START DATASET RECORDS

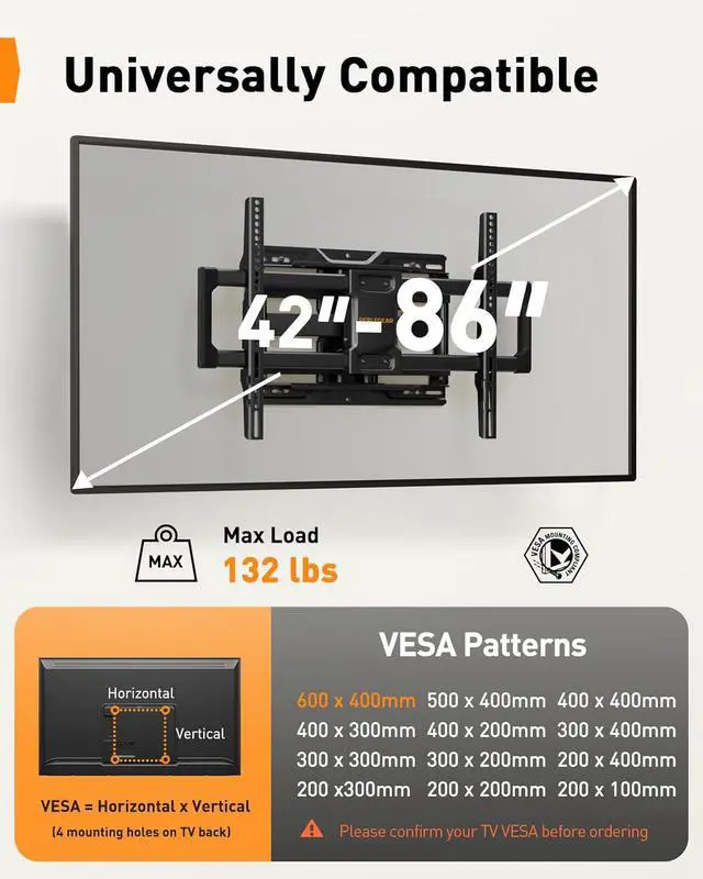 Strong & Solid: Featuring 6 articulating arms and heavy duty steel construction this 75 inch TV wall mount bracket is durable and safe and can hold up to 132 lbs. The upgraded wall plate is wider for more support while anti-drop end caps and security locks help to keep your TV in place.
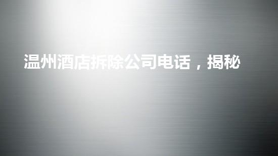 随着酒店市场的调整,越来越多的酒店在拆除重组中寻求转型突围的机会,其中温州酒店拆除公司成为行业的焦点之一。本文通过对温州酒店拆除电话公司进行深入分析,揭示酒店市场调整的潮流,为广大读者提供了深入了解酒店市场趋势的机会。
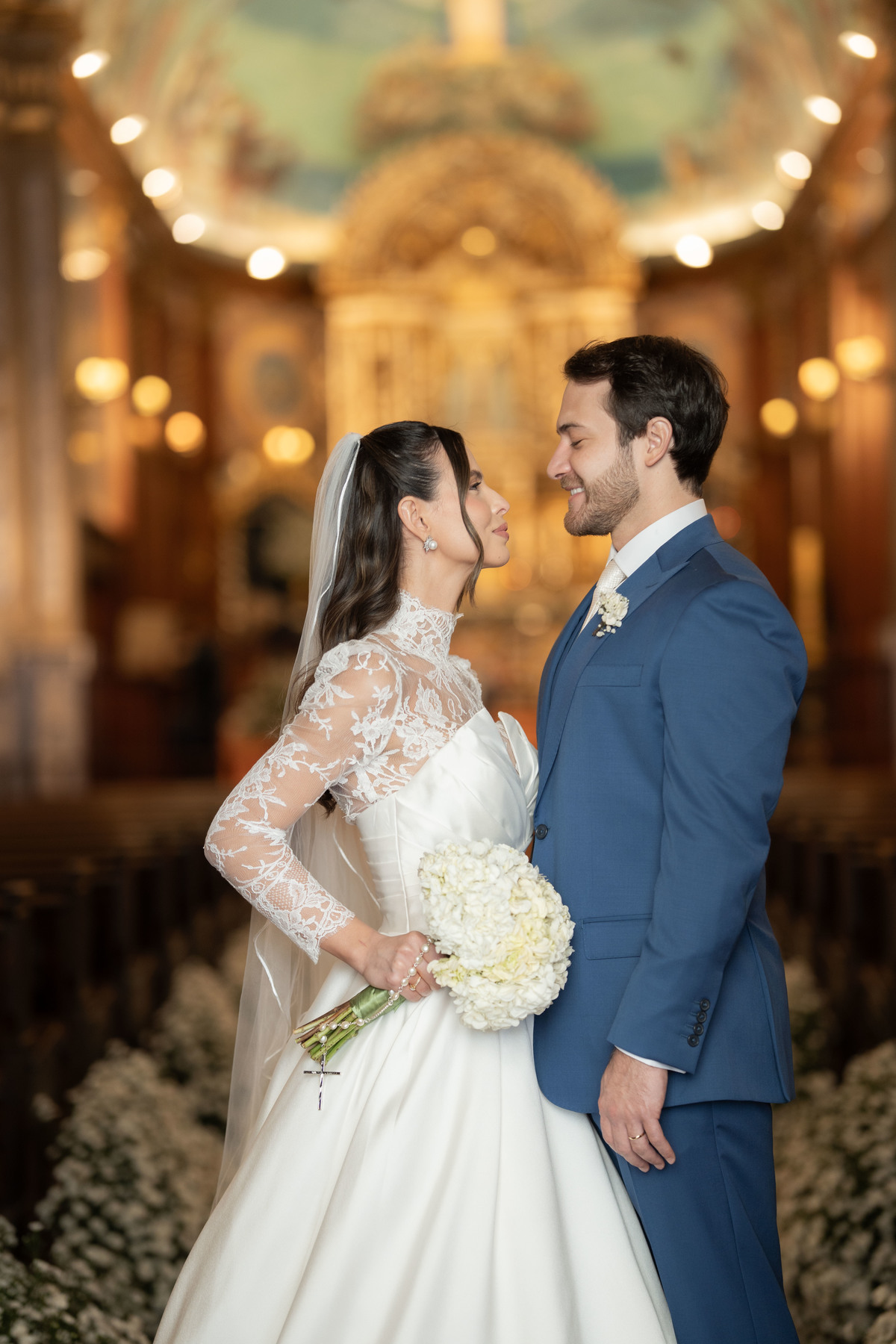 A luz suave da manhã entrando pela igreja, a maquiagem impecável do @cauefmarques realçando ainda mais a beleza dela, e o vestido @casamarelanoivas Noivas, leve e clássico, acompanhando cada passo com naturalidade.
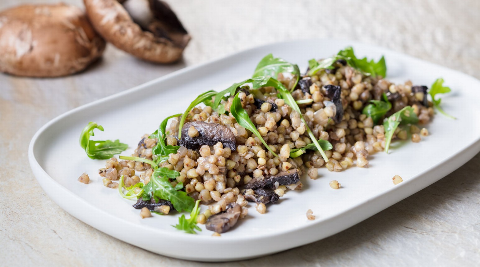 Houbovou směs smíchejte s pohankou a dochuťte solí a pepřem. Nakonec vmíchejte rukolu, která jídlu dodá charakteristickou chuť.
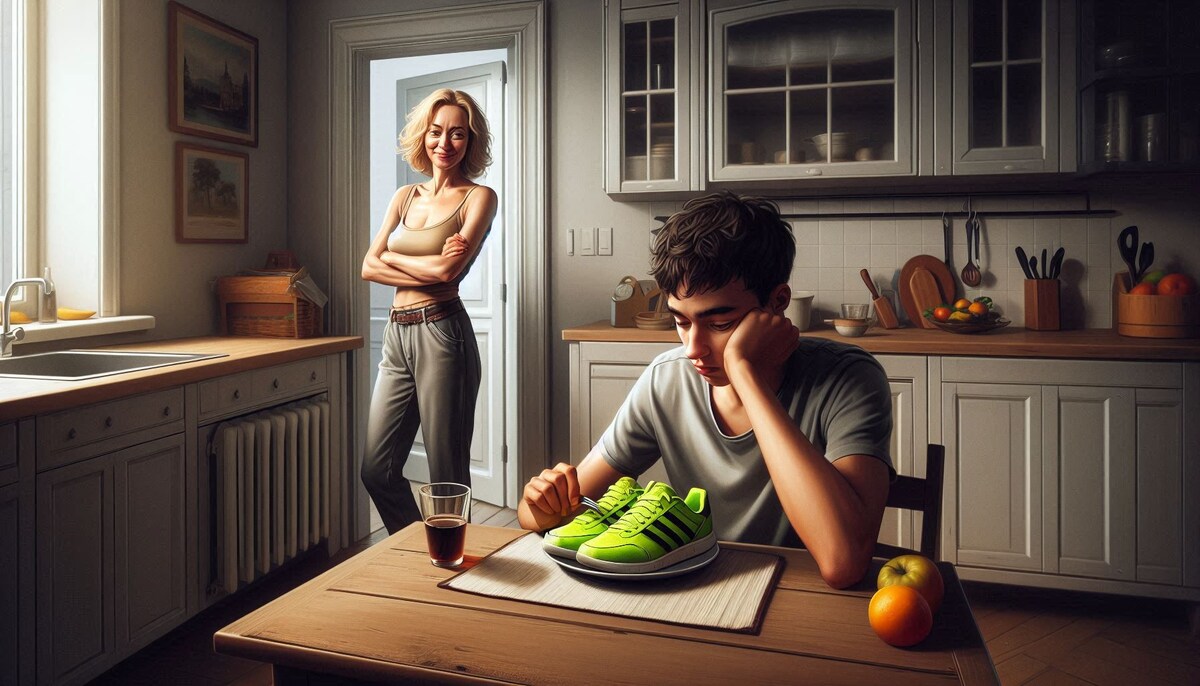 Боря опешил. Он ожидал борща, котлет, в крайнем случае - макарон с сосисками. Но кроссовки? Серьезно?
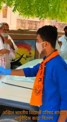 अखिल भारतीय विद्यार्थी परिषद इकाई सांचोर ने आमजन को पिलाया आर्युवैदिक काढ़ा।
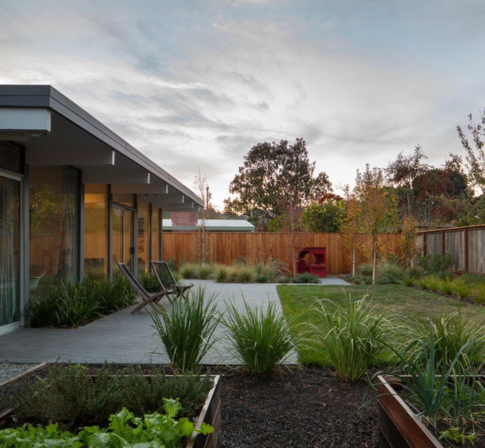 The Shoup family moved into a non-atrium Eichler. Stephen created his own courtyard by installing a fence with horizontal planks in the front yard. Taya, who works at a landscape architecture firm, chose drought-tolerant grasses and olive trees for the front garden.

END DATASET RECORDS

• GOAL OF THE EXERCISE: Once you find the line containing "Боря опешил. Он", transcribe it and each line after it to the end of the records exactly, and leave out the pictures.

• YOUR RESPONSE:
 Боря опешил. Он ожидал борща, котлет, в крайнем случае - макарон с сосисками. Но кроссовки? Серьезно?
 अखिल भारतीय विद्यार्थी परिषद इकाई सांचोर ने आमजन को पिलाया आर्युवैदिक काढ़ा।
 The Shoup family moved into a non-atrium Eichler. Stephen created his own courtyard by installing a fence with horizontal planks in the front yard. Taya, who works at a landscape architecture firm, chose drought-tolerant grasses and olive trees for the front garden.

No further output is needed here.